In one feature, the pump 270 includes a pump handle 330 that can be fastened to the pump canister 271 and can be used to carry the pump 270 to and from the cart 300. As shown in FIG. 14, the pump handle 330 includes a one-piece molded body 331 that defines a grip portion 332 that can be grasped by the personnel to carry the pump. The body further defines a pivot mount 333 at the bottom of the handle with a bore 334 for receiving a pivot pin. As shown in FIG. 12B, the pump 270 can include a pivot bracket 280 fastened to the canister 271. A pivot pin 281 extends through the pivot bracket 280 and the pivot mount 233 so connect the pump handle 330 to the pump 270. The pivot bracket and pivot mount can be configured to allow limited pivoting movement of the pump relative to the handle to facilitate placement of the pump 270 into the pump frame 310. The body 331 forms a recess 335 between the grip portion 332 and the pivot mount 333. The recess 335 is sized to receive the flexible hose 274 in the manner shown in FIG. 12A, to contain the hose when the pump 270 is being moved with the cart 300.

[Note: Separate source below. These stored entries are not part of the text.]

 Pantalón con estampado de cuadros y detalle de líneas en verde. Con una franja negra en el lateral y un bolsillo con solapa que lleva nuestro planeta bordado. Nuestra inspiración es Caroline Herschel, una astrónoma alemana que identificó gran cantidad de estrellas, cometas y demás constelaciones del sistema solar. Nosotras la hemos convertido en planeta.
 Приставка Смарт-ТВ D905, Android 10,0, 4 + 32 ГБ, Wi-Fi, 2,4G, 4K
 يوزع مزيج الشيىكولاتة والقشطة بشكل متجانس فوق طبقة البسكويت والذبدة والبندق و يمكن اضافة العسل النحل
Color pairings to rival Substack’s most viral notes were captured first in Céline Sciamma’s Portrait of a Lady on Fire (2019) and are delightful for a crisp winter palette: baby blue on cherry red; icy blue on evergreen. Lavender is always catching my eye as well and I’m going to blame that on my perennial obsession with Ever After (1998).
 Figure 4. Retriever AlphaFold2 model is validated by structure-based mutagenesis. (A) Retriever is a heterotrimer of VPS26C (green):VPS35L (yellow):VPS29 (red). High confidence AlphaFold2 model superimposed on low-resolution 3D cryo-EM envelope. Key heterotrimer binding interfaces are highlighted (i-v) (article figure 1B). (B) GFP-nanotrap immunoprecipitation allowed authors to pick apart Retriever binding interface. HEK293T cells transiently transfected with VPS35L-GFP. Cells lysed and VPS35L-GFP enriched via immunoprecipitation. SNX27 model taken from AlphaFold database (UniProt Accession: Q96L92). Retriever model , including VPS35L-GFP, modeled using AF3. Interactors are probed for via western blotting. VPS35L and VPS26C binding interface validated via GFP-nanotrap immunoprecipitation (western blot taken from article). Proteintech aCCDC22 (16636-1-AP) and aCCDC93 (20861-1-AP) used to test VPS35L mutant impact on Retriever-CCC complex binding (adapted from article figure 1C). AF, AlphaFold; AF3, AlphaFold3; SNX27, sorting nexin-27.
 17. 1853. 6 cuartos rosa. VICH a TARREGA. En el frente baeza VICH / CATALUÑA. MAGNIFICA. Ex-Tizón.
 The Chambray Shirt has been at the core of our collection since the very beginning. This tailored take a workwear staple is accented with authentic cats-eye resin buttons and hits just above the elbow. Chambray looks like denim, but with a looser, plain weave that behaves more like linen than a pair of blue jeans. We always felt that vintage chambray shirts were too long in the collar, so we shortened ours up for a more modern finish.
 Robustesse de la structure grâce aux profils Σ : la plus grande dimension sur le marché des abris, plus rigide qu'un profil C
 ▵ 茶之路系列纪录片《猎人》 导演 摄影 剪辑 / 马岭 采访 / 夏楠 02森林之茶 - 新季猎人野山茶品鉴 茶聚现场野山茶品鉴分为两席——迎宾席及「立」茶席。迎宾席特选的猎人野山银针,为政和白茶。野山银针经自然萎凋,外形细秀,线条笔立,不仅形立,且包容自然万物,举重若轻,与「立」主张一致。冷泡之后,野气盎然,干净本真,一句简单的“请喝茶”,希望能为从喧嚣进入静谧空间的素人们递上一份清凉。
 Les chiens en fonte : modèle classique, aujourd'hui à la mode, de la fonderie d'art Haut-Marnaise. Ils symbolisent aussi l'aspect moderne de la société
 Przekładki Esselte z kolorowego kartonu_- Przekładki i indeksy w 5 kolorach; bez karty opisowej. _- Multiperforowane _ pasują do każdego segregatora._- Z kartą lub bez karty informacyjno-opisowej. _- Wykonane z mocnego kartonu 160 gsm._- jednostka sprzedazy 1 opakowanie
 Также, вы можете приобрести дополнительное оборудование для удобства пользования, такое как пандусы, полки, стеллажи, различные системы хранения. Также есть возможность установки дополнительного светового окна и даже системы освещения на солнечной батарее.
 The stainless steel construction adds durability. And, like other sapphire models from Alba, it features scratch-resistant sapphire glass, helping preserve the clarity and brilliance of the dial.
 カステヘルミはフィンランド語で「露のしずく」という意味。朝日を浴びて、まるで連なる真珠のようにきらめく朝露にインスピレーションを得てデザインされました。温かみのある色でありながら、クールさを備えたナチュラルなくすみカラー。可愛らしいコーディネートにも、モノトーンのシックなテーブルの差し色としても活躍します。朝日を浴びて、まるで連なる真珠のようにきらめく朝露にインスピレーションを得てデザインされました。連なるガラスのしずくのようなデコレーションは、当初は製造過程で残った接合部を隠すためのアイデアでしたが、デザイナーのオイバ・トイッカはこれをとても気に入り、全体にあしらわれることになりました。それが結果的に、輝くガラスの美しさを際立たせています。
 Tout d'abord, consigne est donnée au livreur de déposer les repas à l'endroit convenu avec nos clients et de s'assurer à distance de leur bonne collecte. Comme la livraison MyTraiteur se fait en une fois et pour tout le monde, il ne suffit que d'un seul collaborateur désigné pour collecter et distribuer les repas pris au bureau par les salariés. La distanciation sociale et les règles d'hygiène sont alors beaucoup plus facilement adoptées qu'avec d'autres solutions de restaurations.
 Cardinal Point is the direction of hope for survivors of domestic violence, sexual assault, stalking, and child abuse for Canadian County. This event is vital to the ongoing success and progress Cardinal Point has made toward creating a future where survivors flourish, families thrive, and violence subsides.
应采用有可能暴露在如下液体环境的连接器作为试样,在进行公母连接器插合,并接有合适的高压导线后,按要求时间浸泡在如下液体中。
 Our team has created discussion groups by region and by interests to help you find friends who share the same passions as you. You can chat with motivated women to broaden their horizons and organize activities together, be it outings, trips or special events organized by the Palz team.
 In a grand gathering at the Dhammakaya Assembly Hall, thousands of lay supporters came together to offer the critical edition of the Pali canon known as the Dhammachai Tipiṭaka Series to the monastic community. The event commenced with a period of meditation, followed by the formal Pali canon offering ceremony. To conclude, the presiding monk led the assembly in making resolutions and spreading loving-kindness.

As shown in FIG. 12B, the pump handle 330 is used to support the pump 270 on the cart 300. In particular, the body 331 of the pump handle defines a hook 336 beneath the grip portion 332. The hook 336 is in the form of an inverted “J” shape, with the base 337 of the “J” connecting the pivot mount 333 to the grip portion. The hook end 338 of the “J” shape can be resiliently deflectable so that the hook opening 339 can be slightly expanded. The hook 336 is configured to engage a spool 350 shown in FIG. 15. The spool 350 includes a cylindrical body 351 that has a diameter that is slightly larger than the hook opening 339. The pump handle 330 can be pressed onto the spool 350 until the cylindrical body 351 is fully received within the hook 336. The spool 350 can include enlarged ends 352 to center the hook 336 on the cylindrical body of the spool. The spool includes a base 353 that is configured to be mounted onto the end of the post 304 of the cart, as shown in FIG. 13. The spool base 353 and the post 304 can be configured for a male-female engagement, or can integrally formed from a moldable material.